Exhibit 4: Non-Residential Distributed Solar System Installations and Costs, 2012-17

Source: GTM, NREL, SSR analysis

  • Residential Systems
    • Residential system price declines have been much slower than non-residential and utility-scale systems.
    • In 2017 residential systems cost ~$2.80/W, when solar module prices average $0.40/W. (See Exhibit 5)
    • Again assuming that international module prices fall to $0.35/W in 2018, but assuming no decline in residential BOS costs, the installed cost of residential solar systems this year can be estimated at $2.75/W, in the absence of tariffs on solar modules.
    • A 50% tariff on solar modules we increase this estimate to ~$2.93/W, a 5% increase on 2017 but 2% below 2016.
    • Even a 100% tariff on solar modules would take total systems costs to $3.10/W, slightly below the level in 2015, a year in which installations were higher than 2017.
    • Residential installation volumes have been inconsistent in recent years due to capital constraints among the largest residential installers and changes in net metering and state incentive programs.
    • Given the relatively limited impact of module tariffs on the installed cost on residential systems, we expect the level of installations to be driven more by state net metering programs and the availability of capital to residential installers.

Exhibit 5: Residential System Installations and Costs, 2012-17

Source: GTM, NREL, SSR analysis

  • Winners and Losers
    • FirstSolar (FSLR) and, to a lesser extent, Canadian Solar (CSIQ) will benefit from trade restrictions.
      • FSLR is the biggest beneficiary as their solar modules are not CSPV and thus are exempt from any import restrictions.
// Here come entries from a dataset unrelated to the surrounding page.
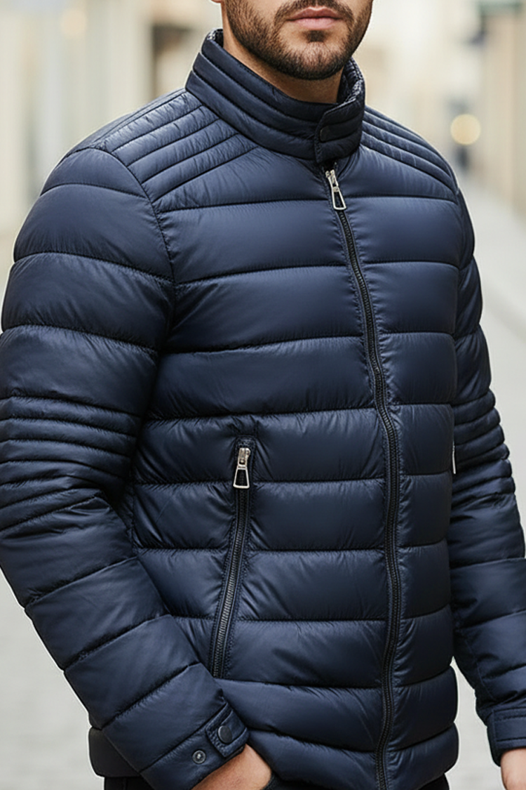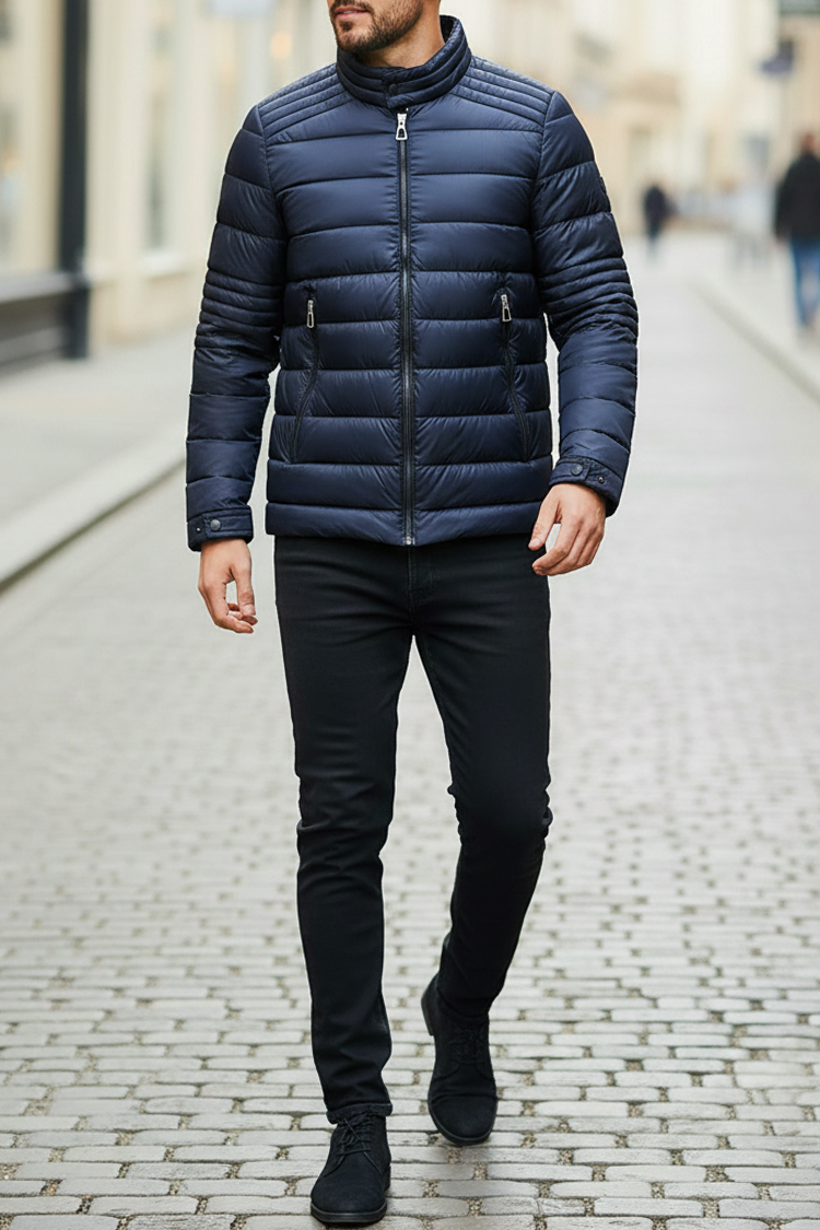 • Удобно мъжко яке с капитониран дизайн и полуполо яка с тик так копче в тъмносин цвят със спортно-ежедневен стил.
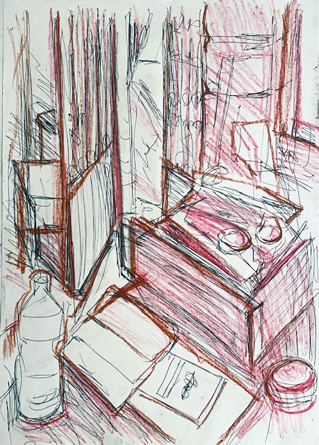 Unordnung im Atelier: zweimal mit geöffneter Tür – wobei das zweite mit Kuli und Ölkreide entstand und hier bei den Kohlezeichnungen nicht mitgezählt wird.
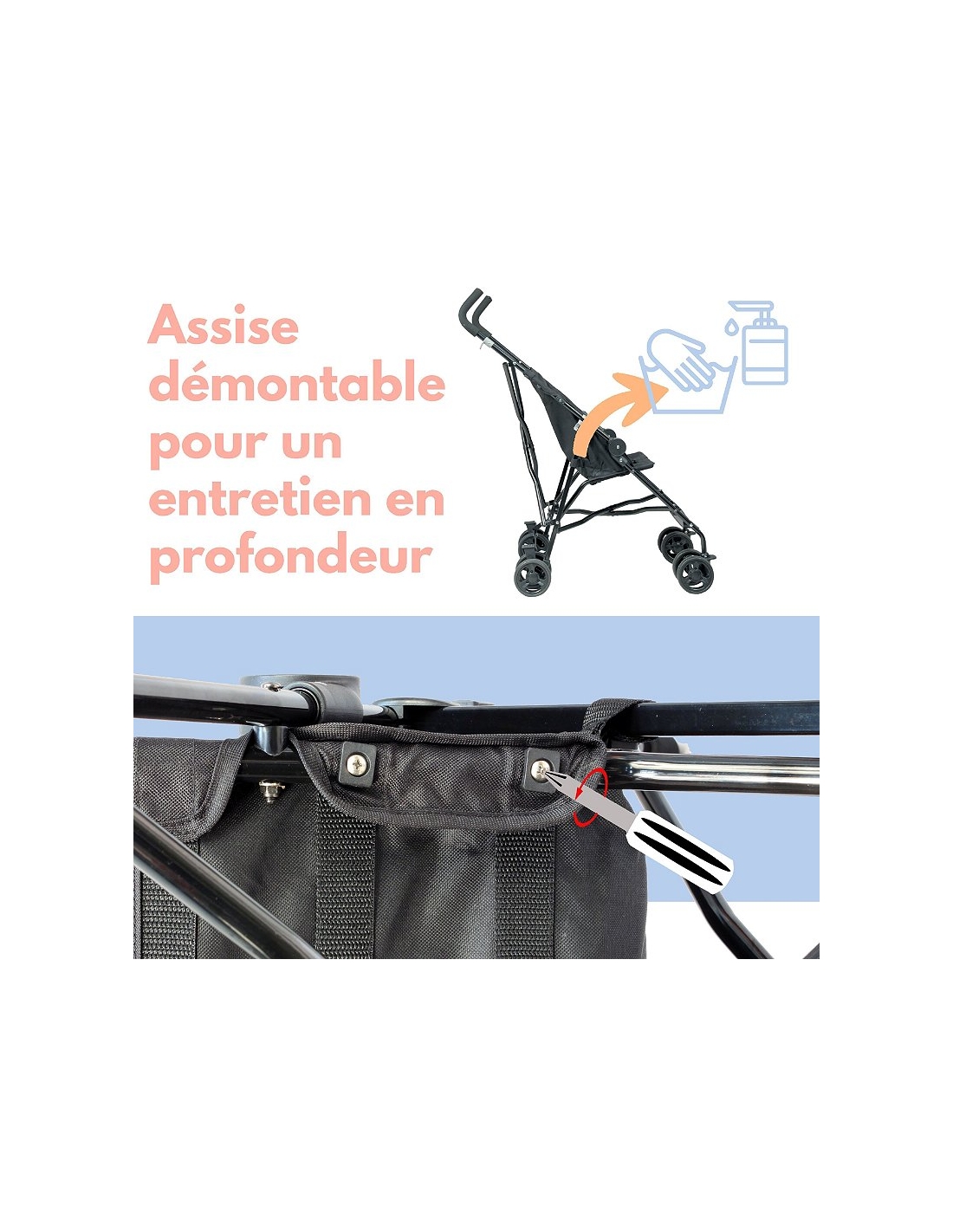 Poussette canne avec canopy pour bébé de 6 à 36 mois à emmener partout grâce à son pliage compact et son poids plume. Grand confort d'utilisation grâce aux suspensions sur les 4 roues.

Any import restrictions should increase FSLR’s sales and margins in the U.S. and support FSLR’s earnings as they transition to their Series 6 modules.
      • CSIQ should also benefit to the extent that they can meet their needs with modules manufactured at their Canadian module assembly plants, which should be exempt from any restrictions.
      • Tesla’s (TSLA) SolarCity subsidiary would also benefit as it just opened a module manufacturing plant in Buffalo, NY, although the potential impact is small in the context of TSLA’s overall finances.
    • Foreign solar manufacturers, including JASO and JKS, benefitted from module and cell import volumes and pricing increases in anticipation of tariffs which will rapidly reverse once a remedy is put into effect, hurting results in the near term.
    • However, overall, we see few companies suffering significant impacts as the effect of a 50% tariff on total installed cost should be de minimis. Even the limited anticipated impact of 100% tariffs would likely only be temporary, as underlying module and BOS costs decline and the tariff rolls off.
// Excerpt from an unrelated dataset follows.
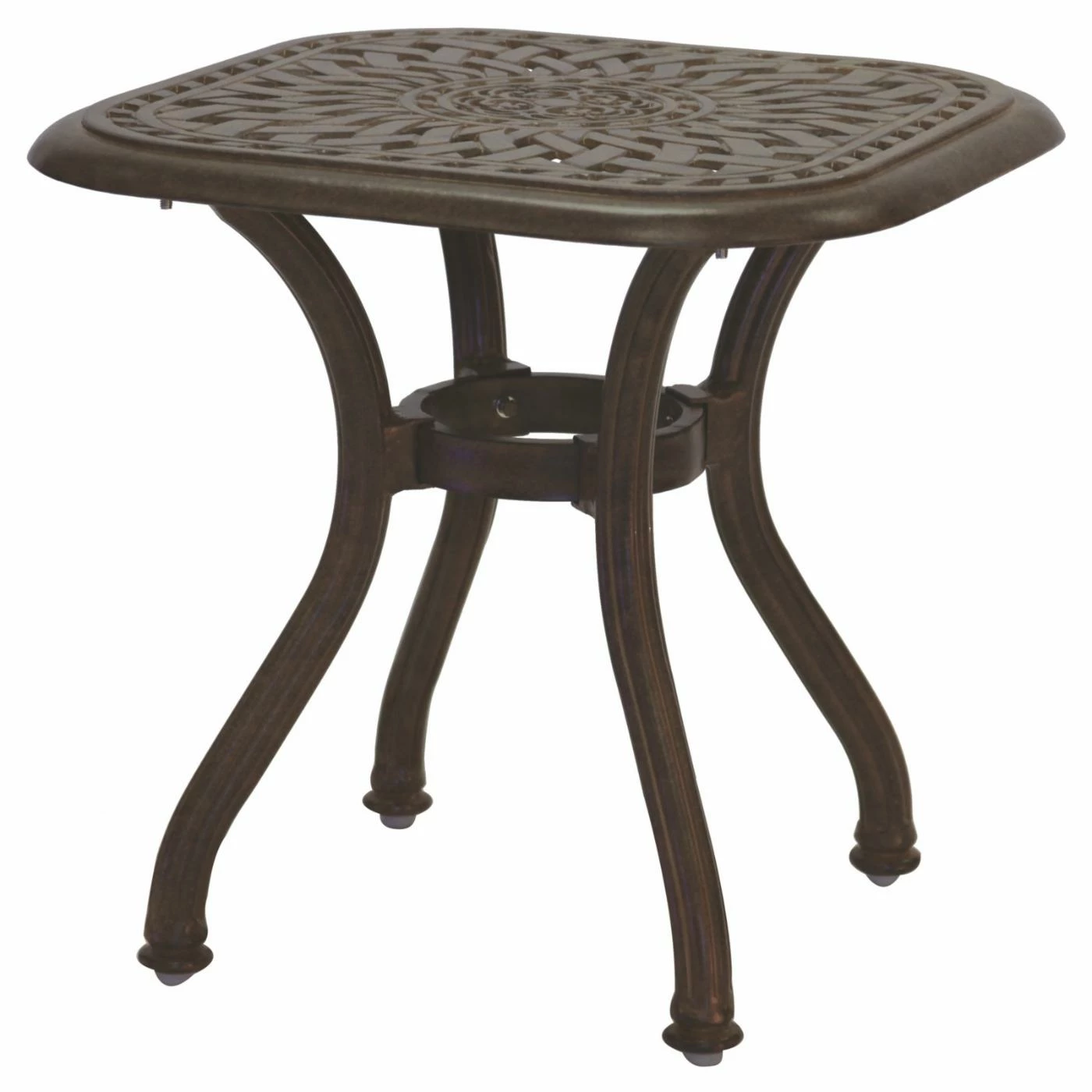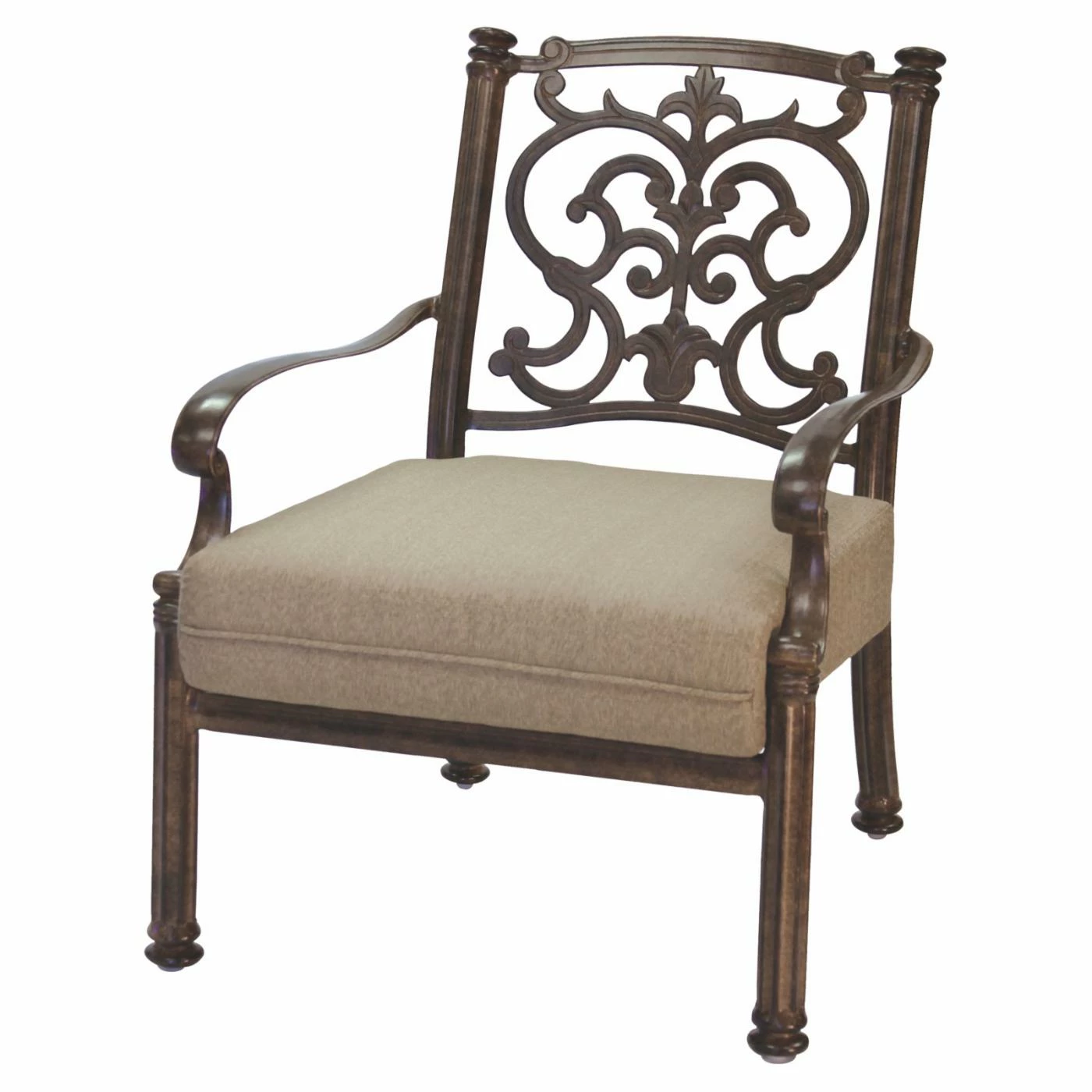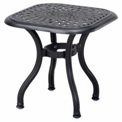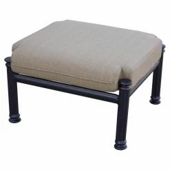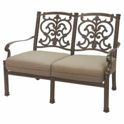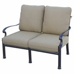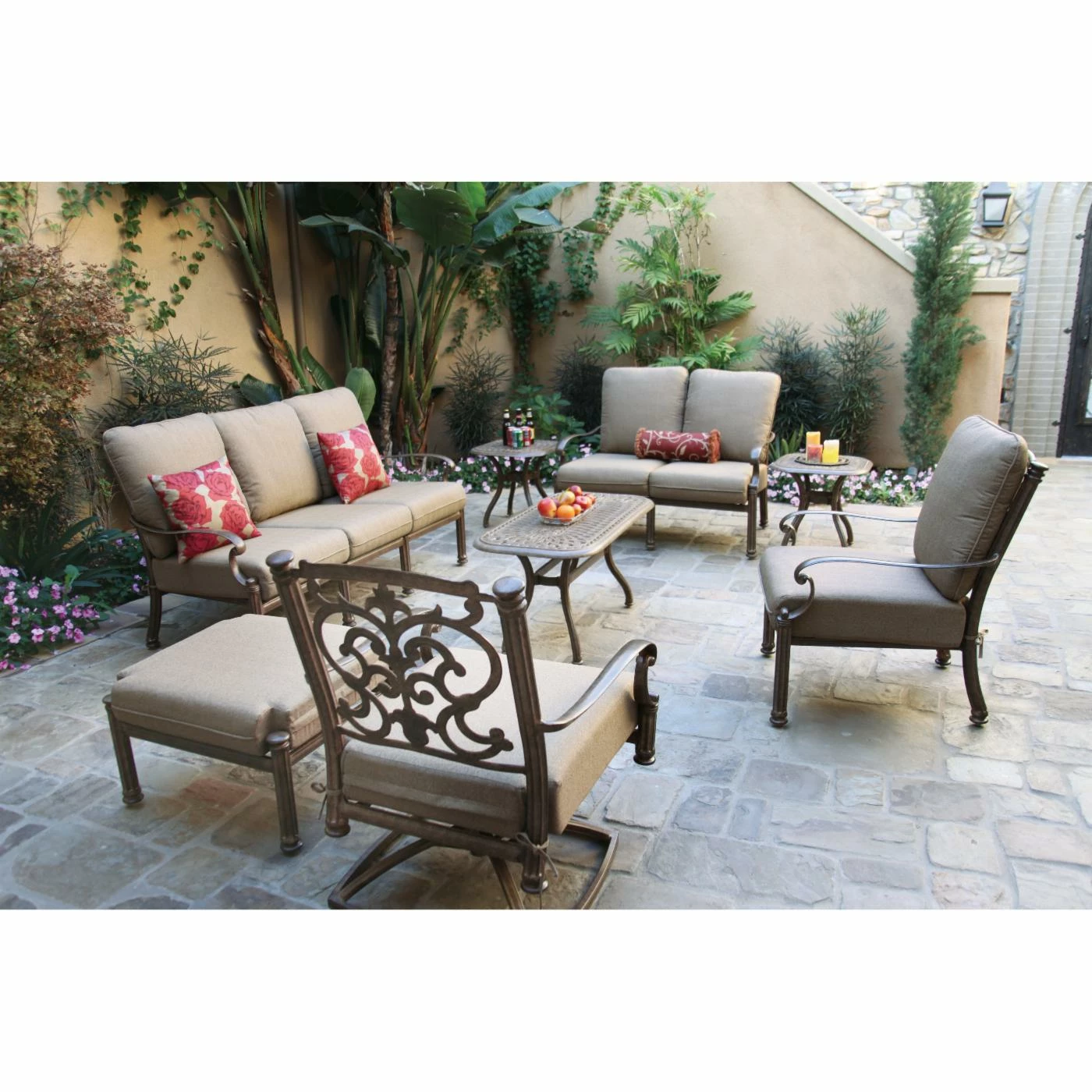 Arrange the Darlee Santa Barbara 8 Piece Aluminum Patio Conversation Set together or situate the pieces in separate groups across your patio – either way, the set creates a sumptuous, stunning atmosphere for conversation and relaxation. Each piece in this generously appointed set – including a loveseat, sofa, club chair, swivel rocker, ottoman, coffee table, and two end tables – is hand-crafted with durable, weather-resistant cast aluminum powder-coated with a multi-step finish; choose from the available color options. The seating elements come with polyester fabric cushions in a soft sesame hue, plus intricately scrolled backs that echo the curled arm rests. The square end tables and coffee table have textural, woven-pattern tops crowning gracefully curved legs. And the low ottoman can serve traditionally as a foot rest or unexpectedly as another table (top with a tray) or spare seat. Manufacturer’s warranties include: one year for the cushions and five years for the frames. Assembly is required.

Exhibit 6: Heat Map: Preferences Among Utilities, IPP and Clean Technology

Source: SSR analysis

©2018, SSR LLC, 225 High Ridge Road, Stamford, CT 06905. All rights reserved. The information contained in this report has been obtained from sources believed to be reliable, and its accuracy and completeness is not guaranteed. No representation or warranty, express or implied, is made as to the fairness, accuracy, completeness or correctness of the information and opinions contained herein.  The views and other information provided are subject to change without notice.  This report is issued without regard to the specific investment objectives, financial situation or particular needs of any specific recipient and is not construed as a solicitation or an offer to buy or sell any securities or related financial instruments. Past performance is not necessarily a guide to future results.
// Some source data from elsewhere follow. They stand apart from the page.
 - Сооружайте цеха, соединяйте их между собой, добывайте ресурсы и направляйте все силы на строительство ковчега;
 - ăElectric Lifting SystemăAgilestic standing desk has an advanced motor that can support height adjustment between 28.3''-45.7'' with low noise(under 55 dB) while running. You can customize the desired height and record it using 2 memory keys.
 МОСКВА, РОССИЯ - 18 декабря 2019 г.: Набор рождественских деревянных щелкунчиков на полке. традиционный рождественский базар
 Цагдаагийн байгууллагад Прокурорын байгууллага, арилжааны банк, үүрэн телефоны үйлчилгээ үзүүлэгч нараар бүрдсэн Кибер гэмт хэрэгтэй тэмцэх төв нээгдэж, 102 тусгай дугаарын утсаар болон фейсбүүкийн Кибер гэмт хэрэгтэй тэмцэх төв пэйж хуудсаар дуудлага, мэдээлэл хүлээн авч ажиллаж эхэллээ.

  1. A tariff-rate quota establishes an import quota that is tariff-free and then one or more levels of tariffs for imports above specified levels. For example, the first 10 million modules could be imported without quotas, the next five million modules could be imported with a quota of 30%, and a 50% tariff would be imposed on all further imports. 
  2. We will focus on the restrictions on module imports because modules incorporate cells and have been the primary import.